Tue Nov 1 17:41:21 EDT 2011

regexp -> pregexp

Apache log parser broke.  Trouble seems to be related to the use of
`regexp'.  Using `pregexp' at least some things work..

Overall the thing is that this is really too brittle and hard to
debug.  Let's just make something that reads one item at a time in a
more automatic way.  It seems quite straightforward to dispatch on the
first character:

  - "  string
  - [  date
  - ?  space-separated word

It works pretty well with just "read" but as I remembered that was
horribly slow, which was the main reason why I used regexps.  So let's
stick to that decision and find a way to debug better.

What I really want is composable regular expressions with named
variable binding (not position mapping).

Anyways, I fixed the bug in the match string and went on to use the
(test) routine, which filled up memory after 4meg lines, using
apparently about 1k per line.  That's a bit over the top..
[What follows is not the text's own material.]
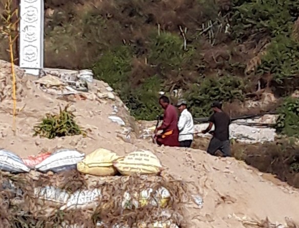Sie führten mich in dem Kloster herum, und ich durfte auch die Baustelle für die neu gebauten Apartments besuchen. Insgesamt hat mich dieses Projekt und vor allem auch die Persönlichkeit der beiden sehr überzeugt, und ich war gerührt und berührt von der Arbeit, die dort geleistet wird. Nach einer Weile verabschiedete sich Lama Gondup mit der Entschuldigung, dass er noch arbeiten müsse… Und später sah ich ihn am Hang des Klosters mit einer Spitzhacke zusammen mit Bauarbeitern die Erde beackern… Ein Bild, das für sich spricht.

Total number of lines is 4080622 which takes a couple of minutes to
parse.  Estimate about 25k lines/second.  That's fairly reasonable.
Now what about hashing it so the main table can be dumped out as a
table of indices so we don't need to let the database do this.

tom@zoo:~/plt/lib/x$ time mzscheme -it apachelog.ss -e '(begin(test)(exit))'

tom@zoo:~/plt/lib/x$ /opt/apache-logs/sorted | mzscheme -t apachelog.ss -e '(test)'
848597 date: (#(struct:exn:fail "find-secs: non-existent date (inputs: 0 17 2 13 3 2011)" #<continuation-mark-set>) #"00" #"17" #"02" #"13" #"Mar" #"2011")

Looks like a bug:
(find-seconds 1 17 2 13 3 2011)
find-secs: non-existent date (inputs: 1 17 2 13 3 2011)

Let's see if it's in current snapshot.

Still there.  Sent email to list.  See next post.

EDIT: was a daylight saving thing..